The Kubernetes Live Object Status feature is in early access, it is rolling out in Octopus Cloud now. This feature is coming to self-hosted customers in H2 2025.
Kubernetes Live Object Status shows the live status of your Kubernetes objects after they have been deployed. This allows you to monitor and safely troubleshoot your Kubernetes application directly from within Octopus Deploy.
Where it is available
Using Kubernetes Live Object Status requires the following:
- An Octopus Cloud instance
- A Kubernetes Agent target
- A project with a deployment process containing Kubernetes steps
- The kubectl script step is currently unsupported
How to use Live Status
Once you have the Kubernetes monitor enabled on your Kubernetes Agent, simply toggle the switch on the dashboard to show live status in place of the deployment status.
Octopus display individual status at an object level as well as summarized status for an Application.
Application status
Label | Status Icon | Description |
---|---|---|
Progressing | Objects in your application are currently in a progressing state | |
Healthy | The objects in your cluster match what was specified in the last deployment | |
Unknown | We’re having trouble getting live status updates for this application | |
Degraded | Your objects experienced errors after the deployment completed | |
Out of Sync | The objects on your cluster no longer match what you last deployed | |
Missing | Objects in your application are currently in a missing state | |
Unavailable | Application live status is unavailable because your last deployment failed | |
Waiting | Application live status will be available once the deployment completes |
Object status
Label | Status Icon | Description |
---|---|---|
Progressing | Object is attempting to reach the desired state | |
Healthy | Object is in sync and reporting that it is running as expected | |
Unknown | We don’t have up-to-date information about the live status of this object | |
Degraded | Object has run into a problem, check the logs or events to find out more | |
Out of Sync | Object manifest is not the same as what was applied | |
Missing | Object is missing from the cluster | |
In Sync | Object manifest matches what was applied, but does not report any additional health status | |
Suspended | Job is not currently running |
Take a look at our troubleshooting guide for details on why you may see some object statuses
Detailed object information
Each object reported back by the Kubernetes monitor can be selected to provide detailed information including events, logs and the manifest currently on the cluster
Events
Events are fetched on demand from the running object. Octopus reads and presents events in similar way to kubectl
.
Logs
Logs are fetched on demand from the running object. We do not currently support tailing logs, but it is on the roadmap in the near future.
Manifest
The manifest shown here is the live manifest as reported by the cluster back to Octopus.
How it works
The Kubernetes Agent has a new component called the Kubernetes monitor which also runs inside the Kubernetes cluster. Read more about the Kubernetes monitor here.

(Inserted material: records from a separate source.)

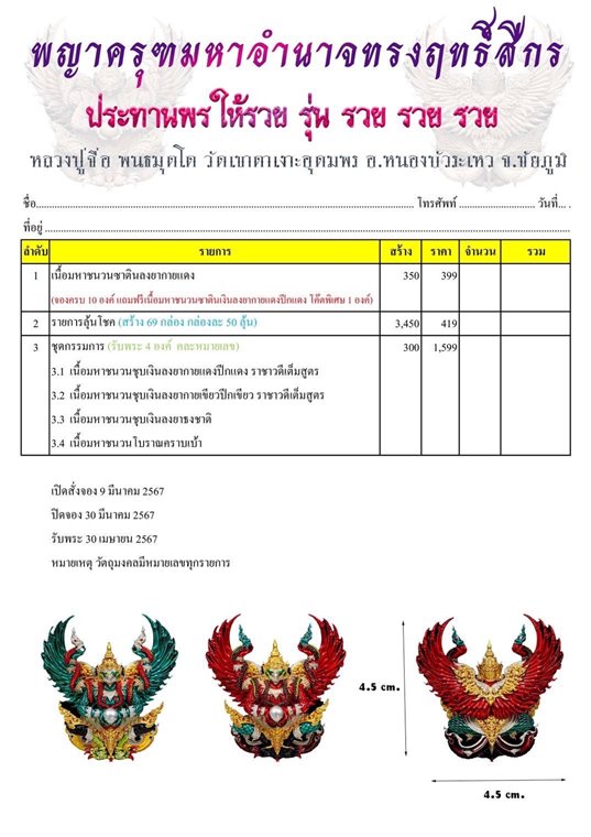 *** เปิดจอง// พญาครุฑมหาอำนาจทรงฤทธิ์สี่กร ประทานพรให้รวย รุ่น รวย รวย รวย หลวงปู่จื่อ พันธมุตโต วัดเขาตาเงาะอุดมพร จ.ชัยภูมิ
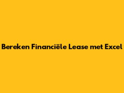 Bereken Financiële Lease Met Excel
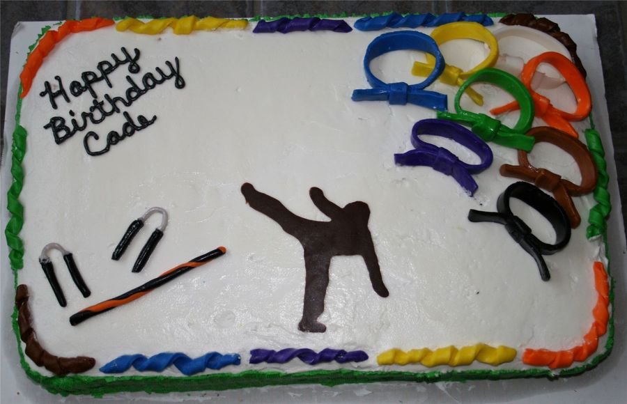BC icing with fondant belt and swirls and choc. transfer karate guy.
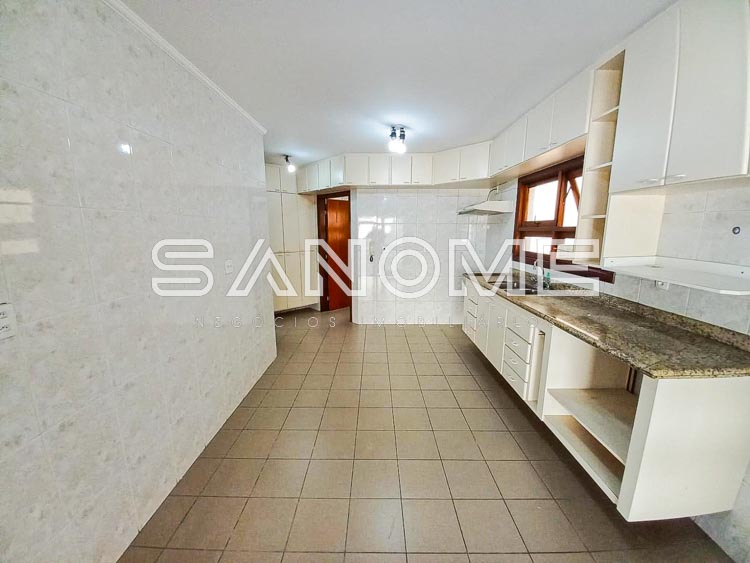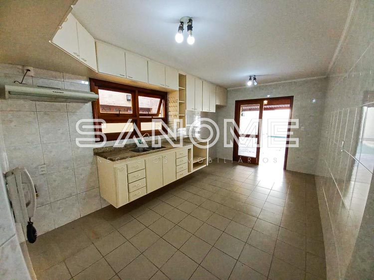 Piso térreo: Sala 2 ambientes integrados, Sala de TV, Lavabo, Cozinha planejada, Área de serviço, Banheiro e quarto de empregados, Ampla varanda externa, Área gourmet completa e Piscina.
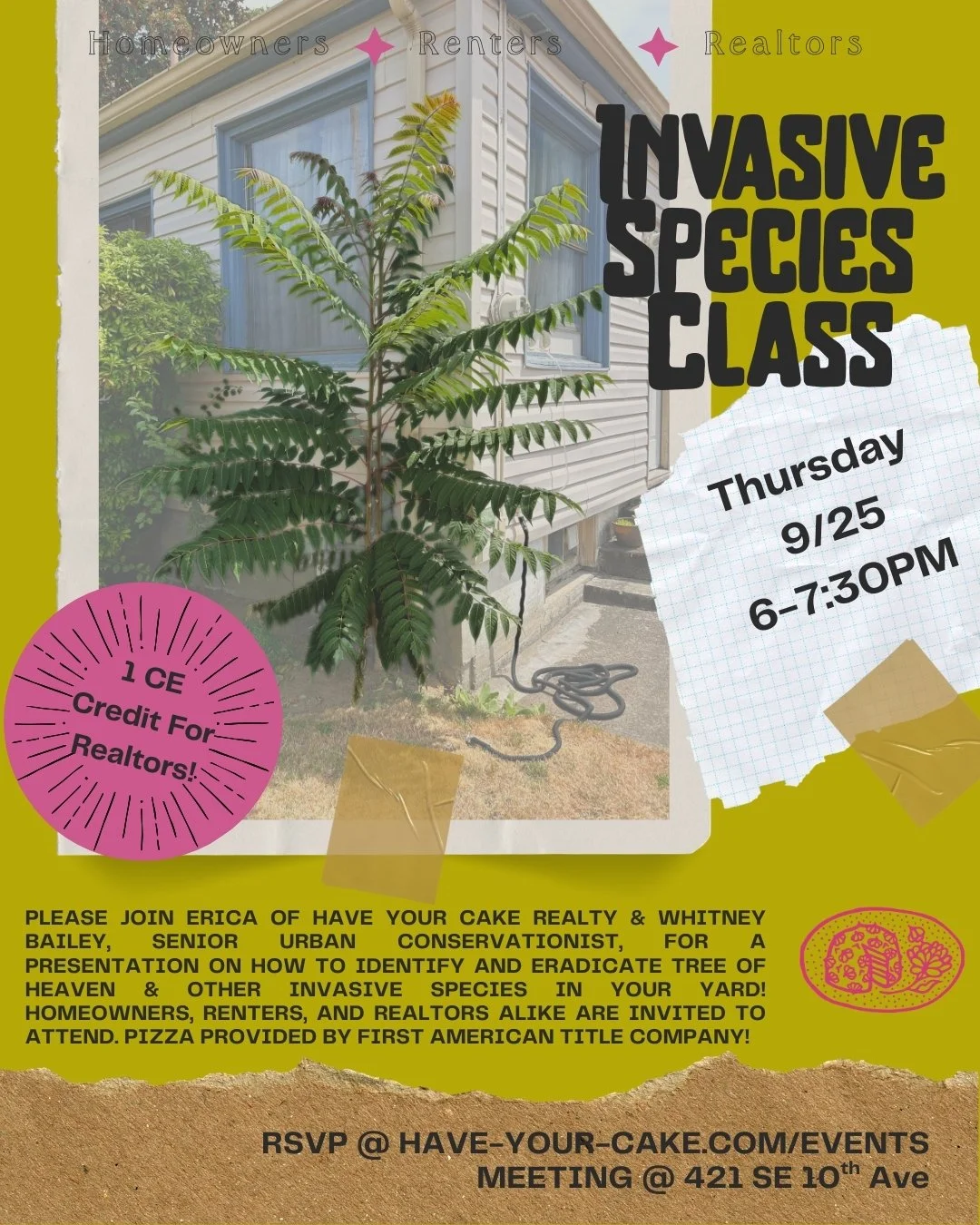 Please join me and Senior Urban Conservationist for the East Multnomah Soil & Water Conservation District for a presentation about how to identify & eradicate invasive species in Portland. Eliminating the tree of heaven (hell!) is of particular importance, as it is extremely harmful to building structures and native flora and fauna. Learn all about its evil ways and how to get rid of it for good during this class. It will also be *1 continuing education credit hour* for all you realtors out there who want to learn more about this awful tree.
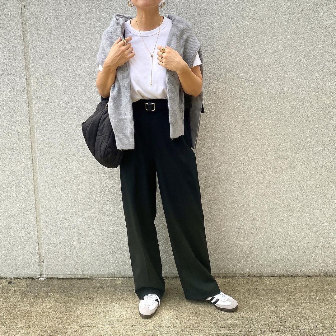 おしゃれのためはもちろん、寒暖調整のためにもニットを肩掛けすることってありますよね。なかなかニットの肩掛けがうまくいかない方は、全身バランスを整える意味でもベルトコーデまでマネしてみて。トップスはウエストインしてコンパクトに仕上げ、ベルトを加えるとまとまり感がアップします。
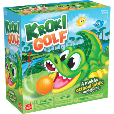 Egy krokodil, ami labdákra éhezik!A Kroki Golf egy igazán vidám és mókás, otthoni mini-golf játék. Célja, hogy a színes labdákat a nyitott szájú Kroki szájába irányítsák a gyerekek a flamingó formájú ütő segítségével. Ha eléri a kroki farkát, visszadobja nekik a labdát. A hátán lévő színes kis madárkák számolják majd a pontokat.A játék fejleszti a szem-kéz koordinációt és a motoros készségeket, emellett ez a klasszikus mini-golf játék állat könt
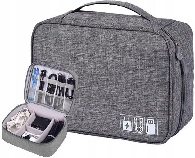 Stylowa i pojemna saszetka na akcesoria Parametry: Stan - Nowy Kolor - Szary Płeć - Unisex Grupa wiekowa - Uniwersalna Materiał - 100% poliester Zamykana na zamek błyskawiczny z dwoma suwakami Szczegóły : szerokość - 24,5 cm wysokość - 18 cm głębokość - 10 cm Pełni funkcje jako : SASZETKA, KOSMETYCZKA, ORGANIZER, ETUI, TORBA Jakość wykonania Etui zostało wykonane z trwałego poliestru. Suwak wykonany z solidnego metalu, pracuje przyjemnie gładko, nie zacina się. 3 przegrody posiadają rzepy - można je odczepiać i układać w dowolny kształt To idealnie połączenie zapewnia ochronę oraz komfort użytkowania przy zachowaniu funkcjonalności Produktu. Wiele zastosowań Dzięki uniwersalnym przegrodom Nasz Produkt posiada wiele zastosowań, np. jako : organizer na kabelki, ładowarki, dyski, power banki itd. kosmetyczka podróżna etui na maszynkę do golenia, czy przyrządy do strzyżenia saszetka idealna na malutkie elementy zabawek dla dzieci Niezbędny Element w Twojej podróży Organizer idealnie przechowa wszystkie plączące się w torebce, walizce czy samochodzie kabelki i słuchawki. Z naszym etui zagubiony w plecaku power bank czy selfiestick jest przeszłością. Wkładając wszystkie niezbędne nam akcesoria elektroniczne do organizera mamy pewność, że elementy te pozostaną na swoim miejscu i nigdy już nie trzeba będzie ich szukać. Zamykana na zamek, bardzo lekka saszetka jest świetnym rozwiązaniem podczas wszelkich wyjazdów - składana na płasko zmieści się do każdej walizki, plecaka lub w schowku samochodowym. Elegancki i ponadczasowy wygląd Torba doskonale sprawuje swoje zadanie zarówno w życiu prywatnym jak i zawodowym. Bardzo dobrze zabezpiecza niezbędne nam akcesoria przed uszkodzeniami oraz jest zaprojektowany w nowoczesnym i ponadczasowym stylu.

During a deployment, Octopus will capture any applied Kubernetes manifests and send them to the monitor. The monitor uses these manifests to track the deployed objects in the cluster, keeping track of their synchronization and health.
User permissions
Viewing the data returned from the Kubernetes monitor from within Octopus requires DeploymentView
permissions.
This data includes the resource and application status, as well as pod logs and events for objects being monitored. This may be a change in security posture that your team should carefully consider.
Secrets
Octopus sensitive variables
As always, we treat secret data as carefully as we possibly can.
Practically, this means that we redact any detected Octopus sensitive variables from:
- Manifests
- Logs
- Events
If we do not have all the required information to adequately redact something coming back from a Kubernetes cluster, we will opt to prevent the user from seeing this all together.
With that said, we highly recommend:
- Containing all sensitive information to Kubernetes secrets so they can be redacted at the source
- Never logging sensitive values in containers
The flexibility that Octopus variables provide mean that sensitive variables can turn up in unexpected ways and so our redaction can only be best effort.
Kubernetes secrets
The well defined structure of Kubernetes secrets allow us to confidently redact secret data.
To ensure that we never exfiltrate secret data that Octopus is not privy to, the Kubernetes monitor salts and hashes the secret data using sha256. By hashing secrets Octopus can tell you when something changed in your secret, but Octopus will never know what the secrets are unless you have populated them using Octopus sensitive variables.
Please be aware that outputting Kubernetes secrets into pod logs may result in them being sent un-redacted if they are not sourced from Octopus sensitive variables originally.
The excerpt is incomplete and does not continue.